In situ hybridization and developmental expression pattern analysis of HaEXPB2.

(a) Signal of antisense HaEXPB2 DIG-labeled cDNA probes localized within the subventral glands (SVGs). (b) Sense probes as a negative control. Scale bar = 20 μm. (c) Developmental expression pattern of HaEXPB2. The relative expression level of HaEXPB2 was quantified using qPCR for six different H. avenae stages. The fold change values were calculated using the 2-ΔΔCt method and presented as the change in mRNA level in various nematode developmental stages relative to that of egg. Each column represents the mean of three independent assays with standard deviation. J2: pre-parasitic second-stage juvenile; parJ2, J3 and J4: parasitic second-, third- and fourth-stage juvenile, respectively.

HaEXPB2 is localized in the plant cell wall

To investigate the subcellular localization of HaEXPB2 in plant cells, we fused the reporter protein RFP to the C-terminus of the HaEXPB2 protein. The RFP signal from the 35S::HaEXPB2-RFP fusion expressed in N. benthamiana was observed at the cell edge. To distinguish labelling in the cell wall and the plasma membrane, the plant cells were plasmolysed by treating with glycerol. The 35S:: HaEXPB2-RFP signal was detected in the cell wall with plasmolysis, but not in the plasma membrane (Fig. 5). The subcellular localization of HaEXPB1 was the same as that of HaEXPB2 in the plant cell wall (Fig. S2).

Figure 5
figure 5

Subcellular localization of transiently expressed HaEXPB2-RFP fusions in N. benthamiana leaves.

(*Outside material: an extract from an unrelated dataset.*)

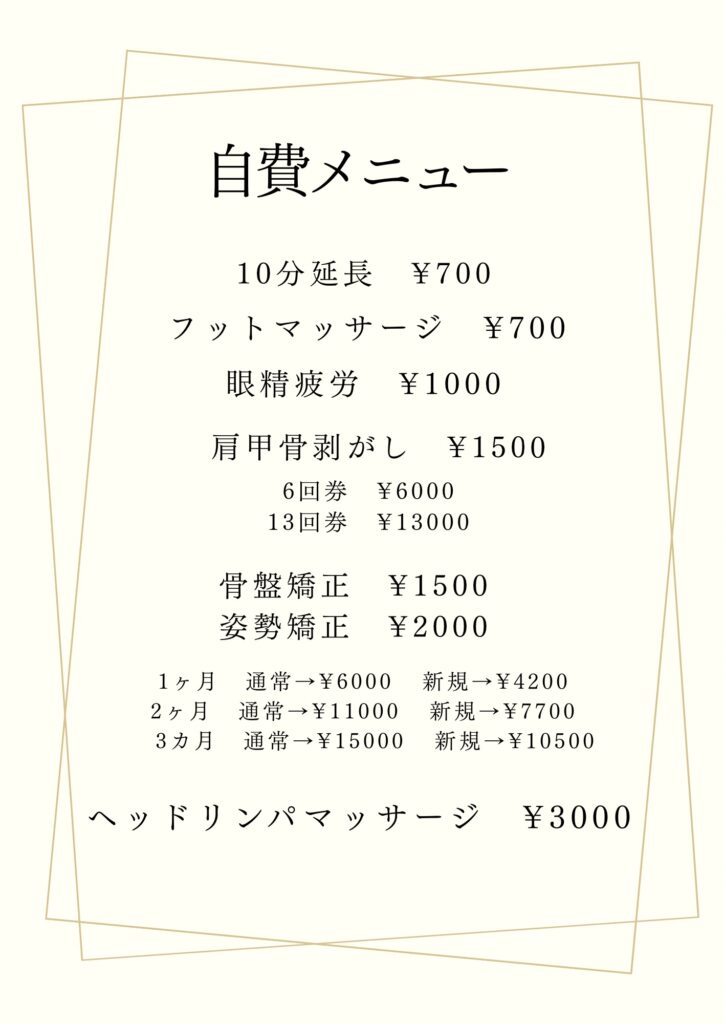 保険診療の他にも、自費での施術メニュー充実しております!!

The upper panel was HaEXPB2-RFP in normal cell, the middle panel was HaEXPB2-RFP in plasmolysed cell, and the lower panel was control empty vector in plasmolysed cell. Scale bar = 20 μm.

We then fused a series of HaEXPB2 deletion variants to RFP to test the localisation of the CBD domain. When the CBD was removed, the resulting HaEXPB2ΔCBD variant was localized in the plasma membrane but not in the cell wall (Fig. 6). Consequently, to confirm the function of CBD, a mutated HaEXPB2Δ117–289 fusion protein that only contained the signal peptide and the CBD was created for a subcellular localization assay. Unexpectedly, the fragment with signal peptide and CBD was not localized in the cell wall. The deletion mutant HaEXPB2Δ117–232, lacking a central fragment, was still localized in the cell wall (Fig. 6). These data suggest that regions in the N-terminus and C-terminus are necessary for the localization of HaEXPB2 in the plant cell wall.

Figure 6
figure 6

Subcellular localization of transiently expressed HaEXPB2 deletion mutants in N. benthamiana leaves.

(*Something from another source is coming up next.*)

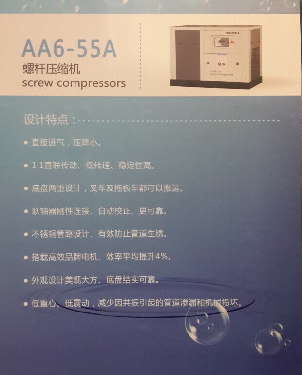 普通工頻螺桿式空壓機(jī),不銹鋼管設(shè)計(jì),不易腐化漏油,1:1直聯(lián)傳動(dòng)

HaEXPB2ΔCBD, HaEXPB2Δ117-232 and HaEXPB2Δ117-289 were fused to N-terminal of RFP and expressed in N. benthamiana. All of them were observed in normal and plasmolysed cells. Scale bar = 20 μm.

HaEXPB2 binds to cellulose via its carbohydrate-binding domain

To investigate whether HaEXPB2 has cellulose binding activity, we produced fusions of maltose-binding protein to HaEXPB2 (MBP:HaEXPB2) and HaEXPB2 lacking the carbohydrate-binding domain (MBP:HaEXPB2ΔCBD). These proteins were purified and incubated with microcrystalline cellulose to detect whether they could bind to it. MBP:HaEXPB2 was detected in the microcrystalline cellulose substrate pellet, but MBP:HaEXPB2ΔCBD and the negative control MBP were not found in the pellet (Fig. 7). These results show that HaEXPB2 has a function in the cell wall and that its binding to cellulose is mediated through the carbohydrate-binding domain.

Figure 7
figure 7

Cellulose binding activity of HaEXPB2.

The purified protein MBP, MBP: HaEXPB2, MBP: HaEXPB2ΔCBD were mixed with cotton linters separately. The mixture of protein and substrate was centrifuged to obtain supernatant (S) and pellet (P) fraction. Input (I) indicates the mixture of protein and substrate before separation. The presence of the HaEXPB2 with CBD is required for the protein to bind to cellulose.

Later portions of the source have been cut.